MIV most important variable, VIV very important variable, IV important variable, NV normal variable, LIV less important variable, UIV uninformative variable, N number of selected variables, P the proportion of selected variables in total variables

Dual-optimized PLS models

Coupled with SPXY-optimized sample subsets, five methods for variable selection were employed to develop 30 dual-optimized PLS models for quantitative analysis of soluble sugar, cellulose, hemicellulose, lignin, ash, and TEY. Meanwhile, the six partial-optimized PLS models described above served as controls. Summary statistics for a total of 36 defined models are presented in Table 2 and Additional file 1: Tables A3–A7. Compared with other dual-optimized models, CARS-SPXY exhibited the greatest positive impact upon the stability of PLS models when comparing values of principal components (5–8), \(R_{\text{C}}^{2}\) (0.73–0.96), RMSEC (0.65–11.50), \(R_{\text{CV}}^{2}\) (0.69–0.95), and RMSECV (0.68–13.20) (Fig. 8 and Additional file 1: Table A3). Furthermore, lower RMSEP (0.48–7.41) and higher RPD (3.34–4.73) and RER (12.94–27.45) values were obtained using the robust CARS-SPXY dual-optimized PLS models, which were significantly better than those of four other dual-optimized models for the most relevant properties. Notably, the use of one in four samples for external validation led to strong correlations between predicted and reference values (Additional file 2: Fig. A1). These results demonstrate that CARS-SPXY was the best method to clearly improve upon the accuracies of the prediction performance of the PLS model among these five dual-optimized methods. These results are consistent with our previously stated results that CARS displayed relatively higher efficiency over other methods in the selection of informative variables as well as for judicious elimination of uninformative variables (Fig. 7).
Fig. 8

The performance of 30 dual-optimized PLS models and 6 partial-optimized PLS models. FS full spectra, CARS competitive adaptive reweighted sampling, SR selectivity ratio, VIP variable importance for projection, UVE uninformative variable elimination, MC-UVE UVE couple with the principle of Monte Carlo. Soluble sugar (a), cellulose (b), hemicellulose (c), lignin (d), ash (e), theoretical ethanol yield (f)
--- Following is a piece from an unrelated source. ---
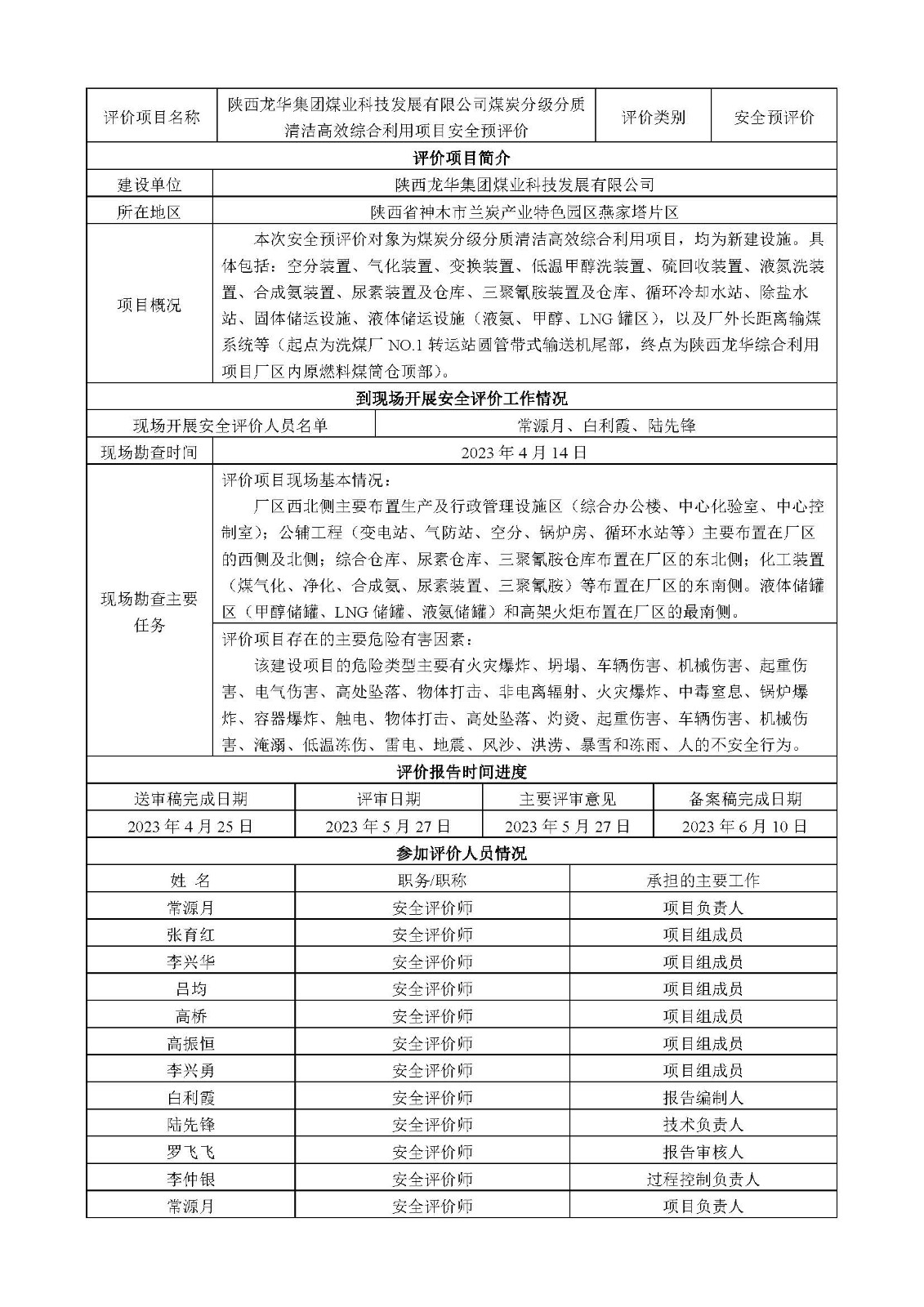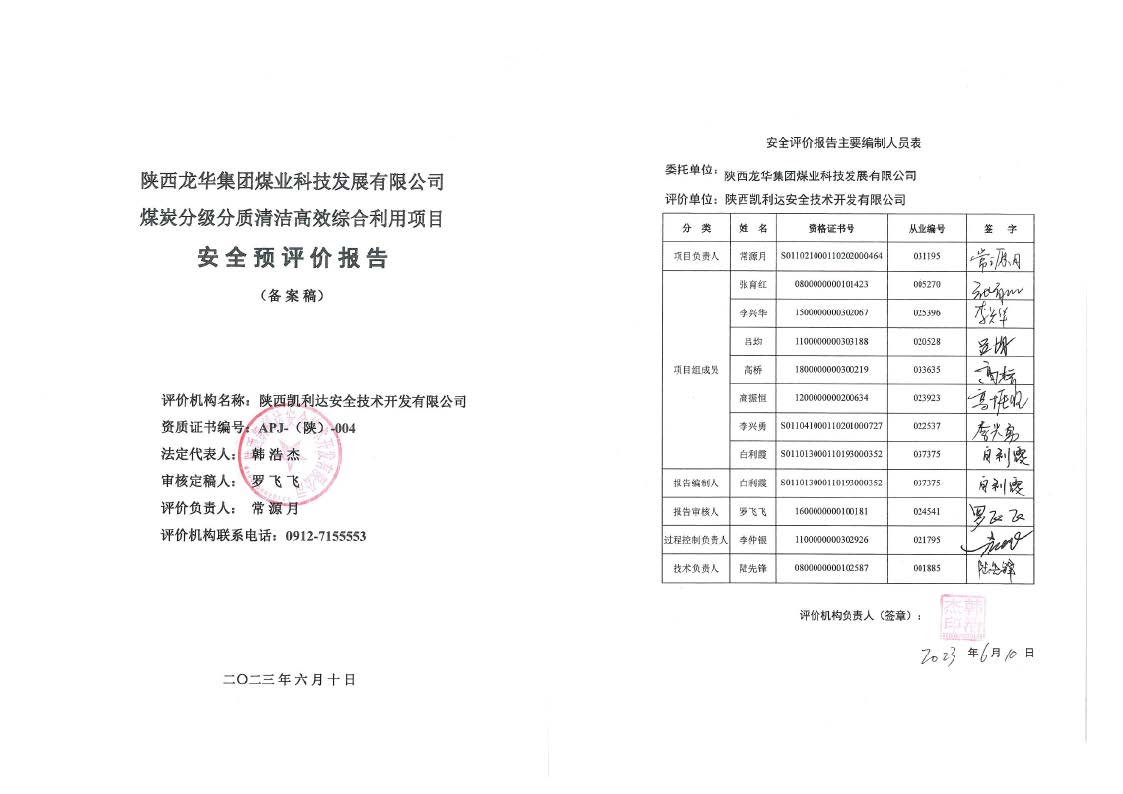 KLDAP[2023]-3.1 陜西龍華集團煤業(yè)科技發(fā)展有限公司煤炭分級分質(zhì)清潔高效綜合利用項目安全預(yù)評價

Meanwhile, the sample subsets and spectral variable subsets were optimized using VIP-SPXY, MC-UVE-SPXY, and UVE-SPXY models using the following parameters: a low number of principal components; high \(R_{\text{C}}^{2}\), \(R_{\text{CV}}^{2}\), \(R_{\text{V}}^{2}\); low RMSEC, RMSECV, RMSEP; and high RPD, RER (Additional file 1: Tables A5–A7). Additional file 2: Figures A3–A5 demonstrate that all relevant properties were successfully predicted by the three models mentioned above, which generally displayed relatively higher correlations between predicted and reference values than controls (Fig. 6). These results indicated that VIP-SPXY, MC-UVE-SPXY, and UVE-SPXY models could achieve higher performance for predicting soluble sugar, cellulose, hemicellulose, lignin, ash, and TEY (Fig. 8). Conversely, it was found that SR-SPXY significantly decreased the stability of the calibration models because the RMSEC and RMSECV for each property sharply increased. Meanwhile, significant decreases in \(R_{\text{C}}^{2}\) and \(R_{\text{CV}}^{2}\) were observed in the present study which were generally lower than controls (Table 2; Additional file 1: Table A4). As a consequence, RPD and RER decreased significantly and relatively lower \(R_{\text{V}}^{2}\) values were obtained for the validation set of each relevant property. These results probably stem from the inability of the SR method to achieve informative variable selection and uninformative variables elimination (Figs. 7, 8; Additional file 1: Table A4 and Additional file 2: Figure A2).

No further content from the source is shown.